Records from a data source:
§ §
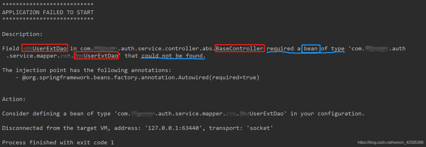 Field XxxUserExtDao in com.xxx.auth.service.controller.abs.BaseController required a bean of type ‘com.xxx.auth.service.mapper.run.XxxUserExtDao’ that could not be found.
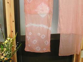 子供と協力し合って??、写真のような自然なサーモンピンクにビーズやビー玉で作った絞り模様の 春らしいスカーフ
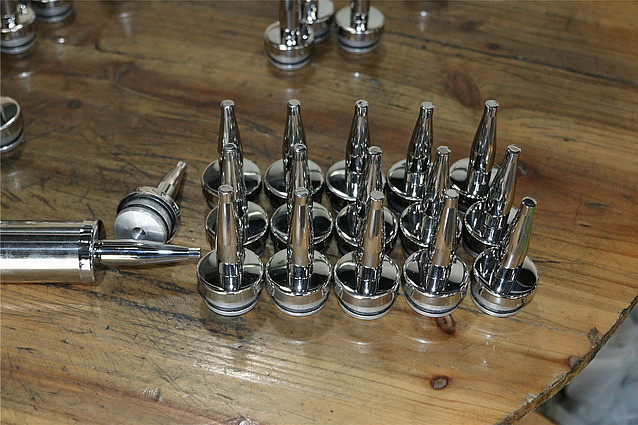 Наконечник палец (солдатик) с системой фиксации из алюминия в стойке диаметром Ø38.1х1.5 мм. Наконечник полированный, литой, нержавеющий. Марка стали - (AISI 304)
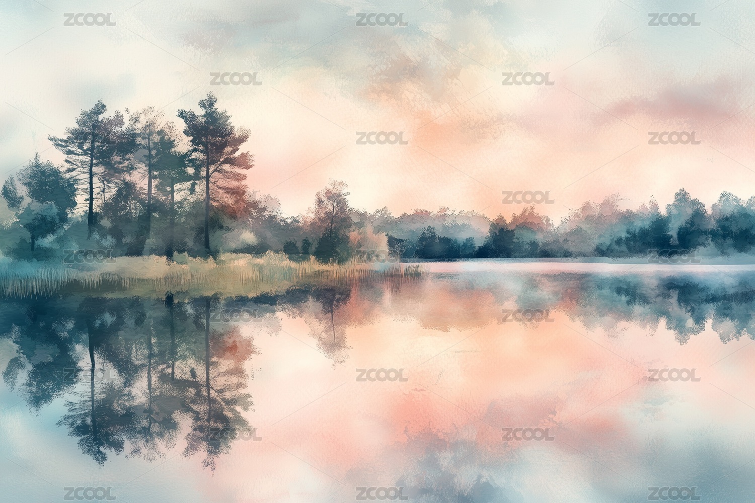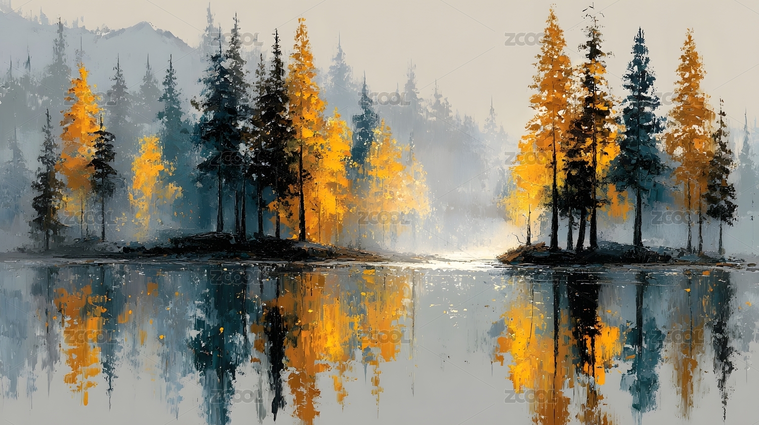 树木,远山,森林,松树,薄雾,光晕,树影,雾气,湖泊,倒影
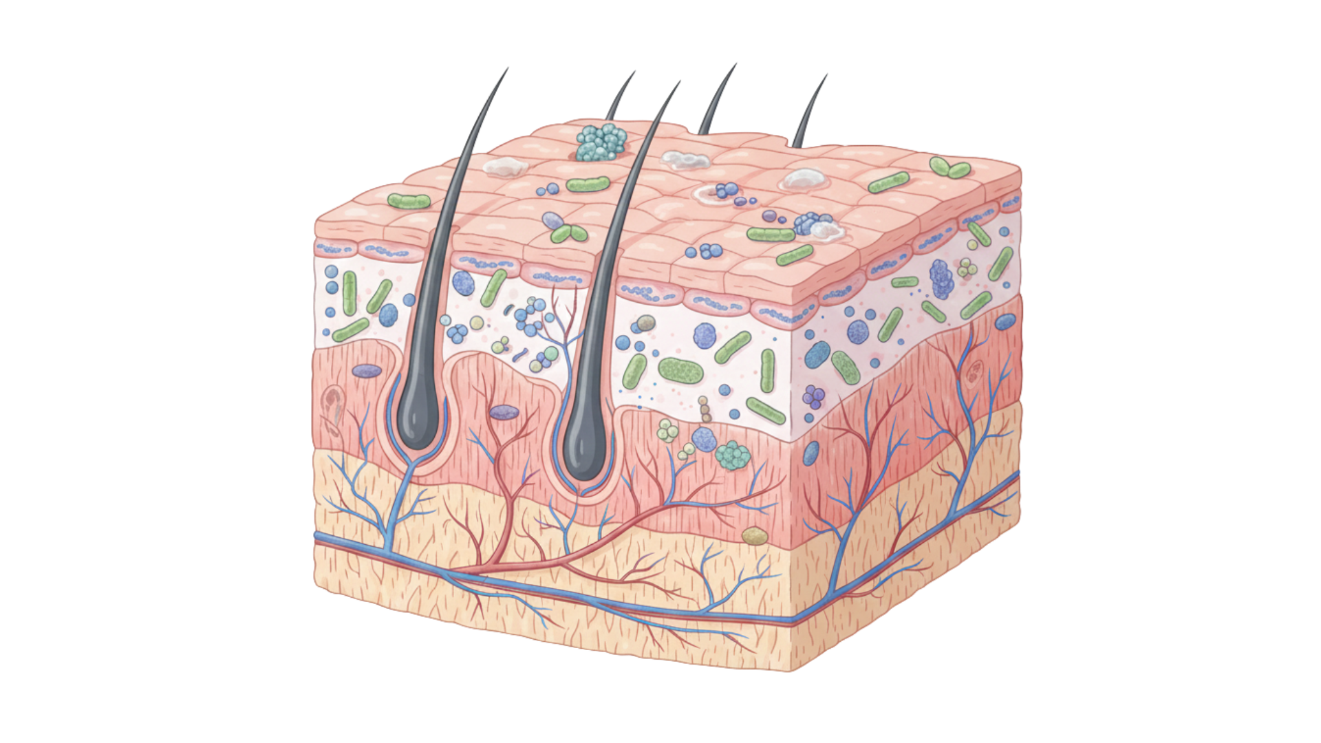 The skin microbiome is made up of trillions of microbes, including bacteria, fungi, viruses, and other microorganisms. These microbes live on your skin’s surface and within its layers, and they’re not just passive residents—they actively protect the skin barrier, regulate the immune system, and support healing and moisture retention.
§ §
Exercise:
Please transcribe each entry exactly, but skip any picture it holds.

Exercise answer:
 Field XxxUserExtDao in com.xxx.auth.service.controller.abs.BaseController required a bean of type ‘com.xxx.auth.service.mapper.run.XxxUserExtDao’ that could not be found.
 子供と協力し合って??、写真のような自然なサーモンピンクにビーズやビー玉で作った絞り模様の 春らしいスカーフ
 Наконечник палец (солдатик) с системой фиксации из алюминия в стойке диаметром Ø38.1х1.5 мм. Наконечник полированный, литой, нержавеющий. Марка стали - (AISI 304)
 树木,远山,森林,松树,薄雾,光晕,树影,雾气,湖泊,倒影
 The skin microbiome is made up of trillions of microbes, including bacteria, fungi, viruses, and other microorganisms. These microbes live on your skin’s surface and within its layers, and they’re not just passive residents—they actively protect the skin barrier, regulate the immune system, and support healing and moisture retention.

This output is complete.